Мальчик приносит сандалии.
— Это Вероникины. Куда ты их взял? Где твои сандалики, Никит? — спрашивает Лилия. Никита бросается на поиски снова: на сей раз приносит тапочки из разных пар. На третий раз они идут искать обувь вместе с Лилей. Находят.
Никита весело болтает ногами в железном ведре. Тут возникает другая проблема — чем вытирать?
— Лиль, вот этим можно? — Наташа, одна из подопечных «Теремка», показывает кухонное полотенце.
— Только не ноги вытирать, — реагирует Лиля.
— А мы им уже пол помыли, — чуть тише уточняет Наташа.
— Это полотенце вообще-то! — Лиля возмущена. — Вон же тряпка половая висит!
Я спрашиваю Лилию, сколько детей, родителей и других подопечных приходят в Центр взросления в день.
— Десяток детей и примерно столько же взрослых.
— А какого возраста?
— Есть даже четырехмесячный малыш, — начинает Лиля.
— Мне пять, — встревает Никита.
— Никита у нас пишущий, читающий, считающий, в садик ходит — умнейший ребенок!

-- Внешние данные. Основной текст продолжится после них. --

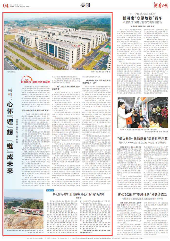 “价格低迷多年,但这半年涨幅很明显。”2026年,新年伊始,临武县几位锂电池产业链中下游企业负责人直言,作为锂电池的重要原材料,六氟磷酸锂价格从2025年7月的每吨4.93万元,已飙升至当下每吨17万元左右。 郴州已探明的氧化锂储量超过1200万吨,特别是临武县鸡脚山矿区探获超大型锂矿床的消息一经披露,引发省内外高度关注。郴州变资源优势为产业胜势,积极探索锂电新能源产业“链式”发展,提出打造全省领先、全国一流的“电池之都”。 临武高新区。 湖南日报全媒体记者 罗徽 摄 引入一家龙头企业,钉下一颗“钉子” 1月29日,临武高新区,湖南久森新能源有限公司PACK组装车间,一批批应用于应急启动电源、无人机等领域的电池产品接连下线。公司董事长汤欣平介绍,20A/h硫化物全固态电池也在进行充放电循环测试。 郴州的锂矿在国内发现得较晚,锂电产业起步也较晚。10年前进驻临武县的久森新能源公司,成为郴州以“钉钉子精神”推动锂电产业发展的缩影。 2016年,在东莞成长起来的久森新能源公司准备在内陆地区建厂扩大产能,选址范围主要是湖南或与之相邻的省份。 凭借“乡情”和招商政策,临武县赢得了久森公司董事长汤欣平青睐。他和公司很多高管都是岳阳人,临武正好位于东莞和岳阳的中间位置,往返两边都方便。 刚落户时,厂房周边全是山头。2018年8月,湖南久森新能源有限公司在临武顺利试投产,从开工到试投产,仅用时1年多。 随着企业成长壮大,久森新能源公司对产业配套的需求越来越迫切。获知消息后,临武县政府主要领导第一时间找汤欣平促膝长谈。 “临武想要打造‘电池产业之都’,这与我的理想倒是不谋而合。”汤欣平回忆,那天晚上,双方一边聊着如何扩大电池“朋友圈”,一边擘画产业发展的未来。 他山之石可以攻玉。临武县组队赴江西宜春和浙江湖州实地考察,立足县情,决定构建“锂矿—材料—电池—终端—回收”五位一体的锂电池全生命周期、全产业链的发展格局。2020年9月,汤欣平加码投资,在临武县上马二期工程。 2021年12月,在郴州市两会上,汤欣平提交题为《关于加快推进湘粤(临武)电池产业集聚区发展的建议》,提出以全市为“一盘棋”,形成以临武为主体,以郴州高新区、郴州经开区等多点协同发展的“一核多点”产业格局。这一建议,得到郴州决策层迅速回应。 与此同时,临武县编制10平方公里的电池产业发展规划,组建专业招商队伍,大力开展产业链招商和以商招商。 “链”上发力、招大引强,全产业链开发 湖南大中赫临武县神家湾年选2000万吨选矿厂项目现场。 徐杨政 摄(湖南图片库) 郴州是“有色金属之乡”。从2022年开始,临武县、桂阳县、宜章县等地的花岗岩和萤石尾矿中,相继发现含锂矿产资源。一时间,郴州成为投资界热议的“新锂都”,众多锂电产业相关企业纷至沓来。 郴州深切认识到:接住这“泼天的富贵”,不能再走“有资源没产业、有资源优势没发展优势”的老路,理应坚持全产业链开发,明确“上游引下游、下游配上游,资源换产业、龙头来牵头”理念。 郴州成立高规格的电池产业发展领导小组,对发展目标、产业布局、重点任务等予以明确。 不搞低端卖矿,明确锂矿资源就地深度转化。郴州希望确保含锂矿产资源采、选、冶三个环节集中于一个经营主体,抓住全产业链开发关键重点,合同约定资源获得者为链主企业,负责建设正极材料、电池电芯生产基地。同时,对锂矿资源开采和利用产生的尾渣和有价元素实现减量化、无害化和资源化处理,尾渣利用率达到80%以上,伴生的有价元素回收率达到60%以上,努力把资源“吃干榨尽”。 “起初一些企业并不接受,他们更多是奔着锂矿资源而来。最后,是政府的坚定态度,让他们有了全新认识。”郴州市工信局有关负责人说。 “链”上发力,招大引强。郴州实施锂电新能源全产业链招商战略,招引上海安能、大中矿业等7个龙头企业为“链主”,形成“链主+链条”联合体开发模式,涵盖“矿产资源—电池材料—电池制造—装备制造—电池回收”锂离子电池产业链。 2022年,宜章志存锂业新材料项目从开工建设到点火试产仅用了179天,实现当年签约、当年开工、当年投产,引得宜章志存新材料有限公司董事长蒋章铭为“郴州速度”连连点赞。 在郴州高新区,科力远发起成立先进储能创新联合体,牵头设立总规模20亿元的深圳储能产业基金,加速抢滩布局锂电新能源产业集群。在桂阳县,引进大为股份、汉尧锂业,将建成年产6万吨碳酸锂、20GWh电池、5000台新能源专用车及尾矿尾渣综合回收处理项目。 产业的集聚,离不开政策的支撑。2024年4月,省政府办公厅印发《支持郴州市锂电新能源全产业链高质量发展的若干措施》,从培育集群到支持创新,十条“硬举措”力挺郴州打造锂电新能源全产业链。 融湾向海、创新为要,在价值链实现“惊人一跃” 2024年6月18日,湖南省锂电新能源产业暨固态电池产业合作对接会在临武县召开,广东省电池行业协会年度理事大会同步举行。 这个拥有比亚迪(弗迪电池)、天能集团、赣锋锂业、南孚电池等940多家会员单位、年总产值超过3.5万亿元的行业协会,从广东“跑”到临武开会,着实令人惊讶。 临武的干部群众“心里有本账”。早在四年前,县里的负责同志专程赶赴珠海,参加广东省电池行业协会G20会长会议

А взрослым в основном 20–27. Есть 30-летний подопечный, он иногда приходит в гости — чай попить, узнать, как дела.
— В детском доме они ходили справить нужду по расписанию, – туалет открывали утром на полчаса и вечером на час. Когда у тебя в жизни регламентировано все, не остается пространства для собственных решений. Поэтому они безынициативные, не уверенные в себе, не умеют нести ответственность. Это не из-за сиротства, а из-за нашей системы воспитания сирот.

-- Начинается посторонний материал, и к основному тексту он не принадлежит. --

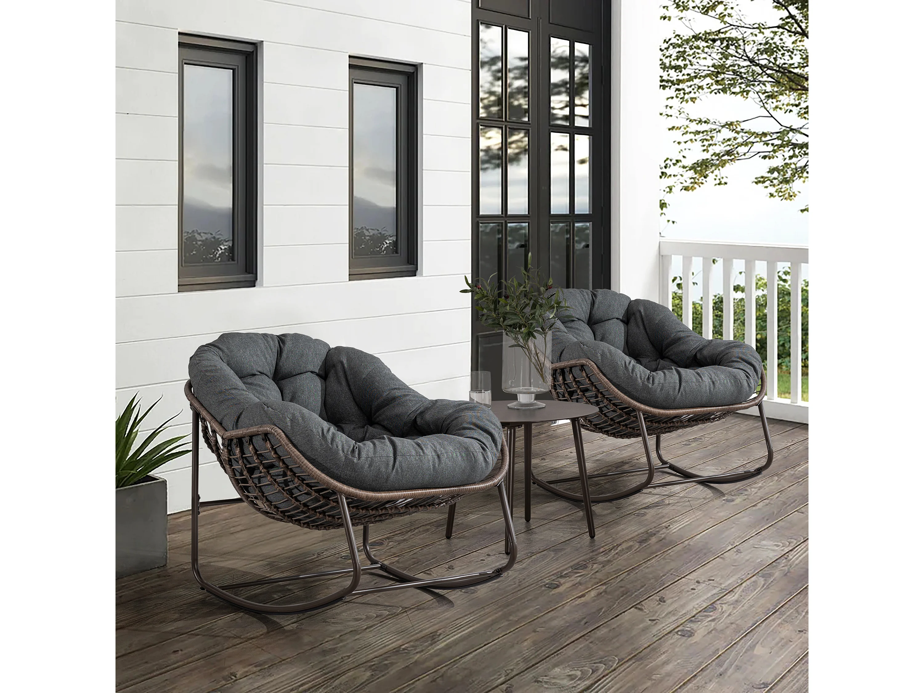 Fauteuil à bascule 94.5x111x80 cm avec capitonné Imperméable et résistant aux UV et antirouille en gris pour Balcon et salon
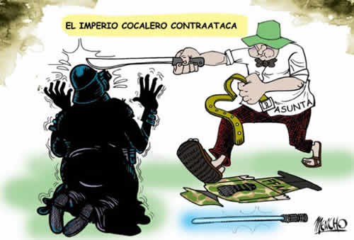 This cartoon is from La Prensa, February 9, 2012. It shows a coca grower from Asunta, La Paz, the other place where coca is grown. The title reads: “the coca grower empire strikes back” and the police is on his knees… not only Chapare, Cochabamba behaves lawless but so does the Yungas, La Paz. We do not need more signs, narco trafficking is beginning to set foot here, like they did in Colombia, Mexico and Afghanistan. And no one does anything to prevent or revert this nightmare, instead public TV channel and public radios across the country side say nothing but only praises to this government and their leader, the coca grower and current Bolivian president…
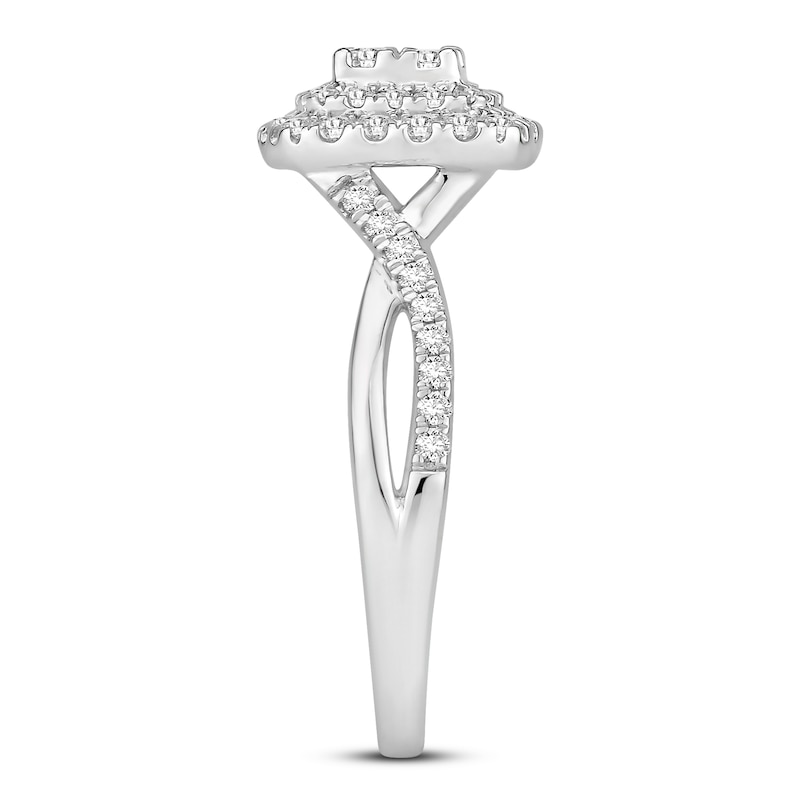 A quartet of sparkling round-cut diamonds forms the center of this beautiful diamond engagement ring for her. The ring features a double halo of round-cut diamonds, and more round-cut diamonds sparkle down its twisted band. The 10K white gold ring has a total diamond weight of 5/8 carat. From the Now & Forever® bridal collection.

Лиля снова куда-то убегает, и я завожу разговор с сидящим рядом Сергеем, загорелым широкоплечим парнем с татуировками на предплечьях. Ему 26 лет, в девять он попал в приют, а в 12 — в детский дом. Сергей рассказывает о Стасе:
— Он мой воспитатель и крестный моего ребенка. Это был сильный человек — таких, наверное, уже не встретишь. Без Стаса атмосфера не та. Но смотрю, дети приходят.
— Вот как раз Серега у нас не был года полтора, — мимоходом бросает Лиля.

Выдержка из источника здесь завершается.